* Task to complete: From the line with "(4) TKS M-72 11-Unit Offset Printing Presses" to the line with "Figure 10. Tactical", retype each line exactly as it stands in the records below, but skip the pictures.

* Records for this exercise:
◇ ◇ ◇

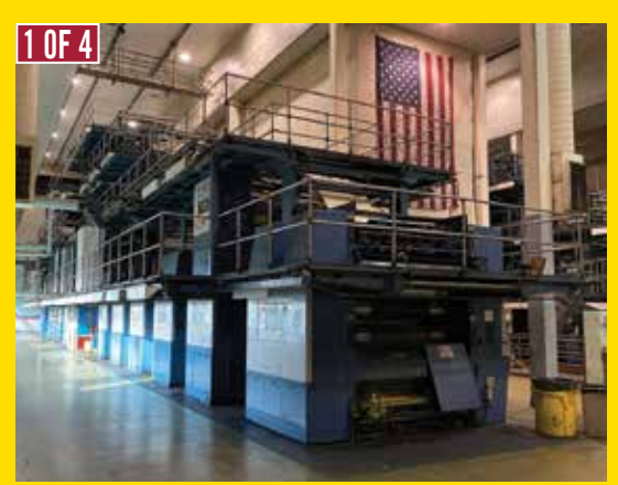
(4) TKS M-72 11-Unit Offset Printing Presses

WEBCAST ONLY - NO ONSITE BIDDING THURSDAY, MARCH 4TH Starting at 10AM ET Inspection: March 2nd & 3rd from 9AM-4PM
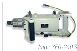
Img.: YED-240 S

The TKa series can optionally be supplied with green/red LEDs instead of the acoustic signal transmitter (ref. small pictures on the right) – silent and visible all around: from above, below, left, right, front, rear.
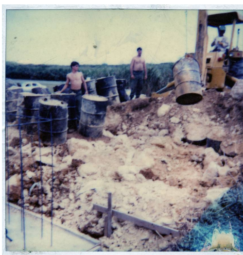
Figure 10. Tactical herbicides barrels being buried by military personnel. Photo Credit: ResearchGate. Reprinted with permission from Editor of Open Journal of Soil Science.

◇ ◇ ◇

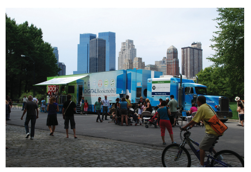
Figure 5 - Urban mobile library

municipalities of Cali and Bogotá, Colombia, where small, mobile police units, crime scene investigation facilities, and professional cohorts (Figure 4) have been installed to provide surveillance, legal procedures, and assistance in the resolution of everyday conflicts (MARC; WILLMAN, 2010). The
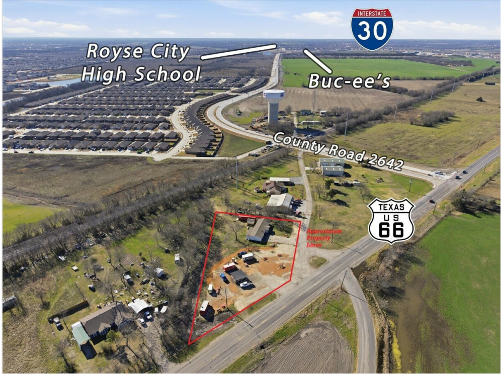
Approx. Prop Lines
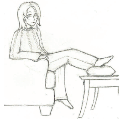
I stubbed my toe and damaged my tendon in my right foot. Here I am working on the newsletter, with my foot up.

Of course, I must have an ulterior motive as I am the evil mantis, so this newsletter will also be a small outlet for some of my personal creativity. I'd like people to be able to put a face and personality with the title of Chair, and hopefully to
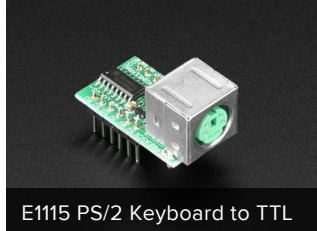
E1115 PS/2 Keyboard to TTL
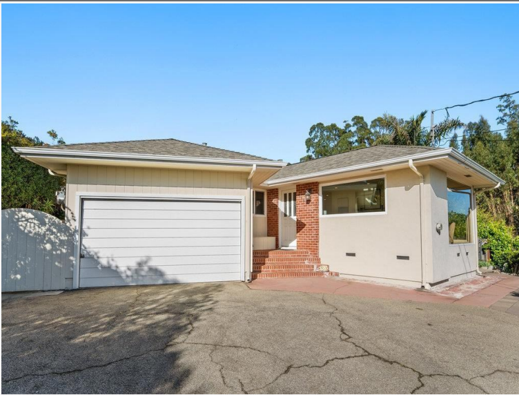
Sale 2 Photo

◇ ◇ ◇

* Exercise answer:
(4) TKS M-72 11-Unit Offset Printing Presses

WEBCAST ONLY - NO ONSITE BIDDING THURSDAY, MARCH 4TH Starting at 10AM ET Inspection: March 2nd & 3rd from 9AM-4PM
Img.: YED-240 S

The TKa series can optionally be supplied with green/red LEDs instead of the acoustic signal transmitter (ref. small pictures on the right) – silent and visible all around: from above, below, left, right, front, rear.
Figure 10. Tactical herbicides barrels being buried by military personnel. Photo Credit: ResearchGate. Reprinted with permission from Editor of Open Journal of Soil Science.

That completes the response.